Land of Jett Ferebee, owner of land and farm in Creswell, North Carolina, where birds are among the few visible wildlife that remain on the land. Photograph: Jill Knight / Raleigh News & Observer / MCT via Getty Images

“It’s amazing that people are so pissed off about them,” Sutherland said, noting that deer populations actually peaked at wolf zenith in the mid-2000s, highlighting the role of red wolves as key component of a healthy ecosystem. “You have all these bears scattered around North Carolina and they have a different mythology behind them, the kind of teddy bear mystique, while the wolves are deep rooted like this thing that you have to get rid of.”

Much of the crucible for the red wolf’s imminent demise is vast fields of soybeans, corn and cotton. The flat farmlands are sometimes punctuated with grain silos, chicken coops and half-timbered houses, many of which collapse and are surrounded by vineyards.

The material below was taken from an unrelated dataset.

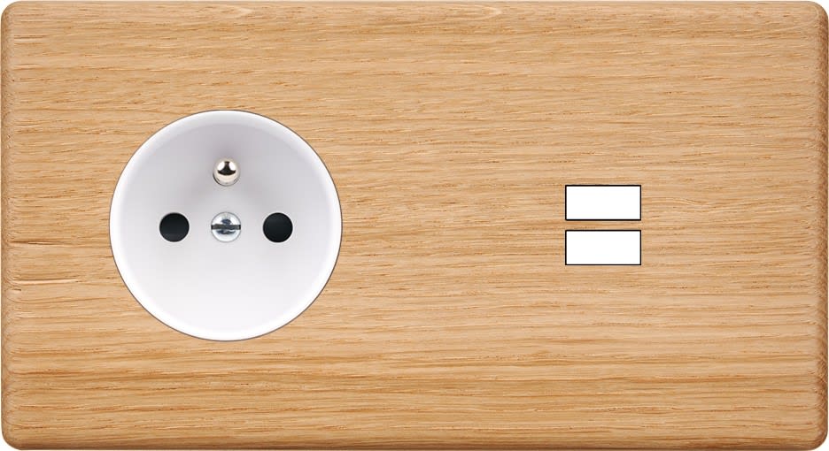 Façade Hitera Chêne Clair double horizontale prise de courant 2P T / ouverture pour chargeur double USB. En bois massif. Fabriqué en France.

A few cows chew on tufts of red grass.

In this setting, it is not difficult to imagine the Red Wolf as an icon, a legendary survivor of human expansion.

Instead, the last red wolves on Earth will likely one day be found in one of 42 captive breeding facilities dotted around the United States.

“You don’t really look at people and say, ‘Wow, you look majestic when you walk down the street.’ But look at them, ”said Sherry Samuels, watching four wolves move up and down from their landscaped enclosure, eyes fluttering in our direction.

Samuels is director of the animal department at the Museum of Life & Science in Raleigh, North Carolina, a place that welcomes about 500,000 visitors a year to see its red wolves, bears, and other attractions. This facility and others are trying to keep the wolf’s gene pool from drying up.

“It’s just an awesome thing to watch them, how they care about each other and how they each have their roles,” Samuels said, looking at the wolf family in awe. “If we lose them, we lose an opportunity to show that we are better. As humans, we can do better.

[ad_2]
Source link

Leave A Reply

Your email address will not be published.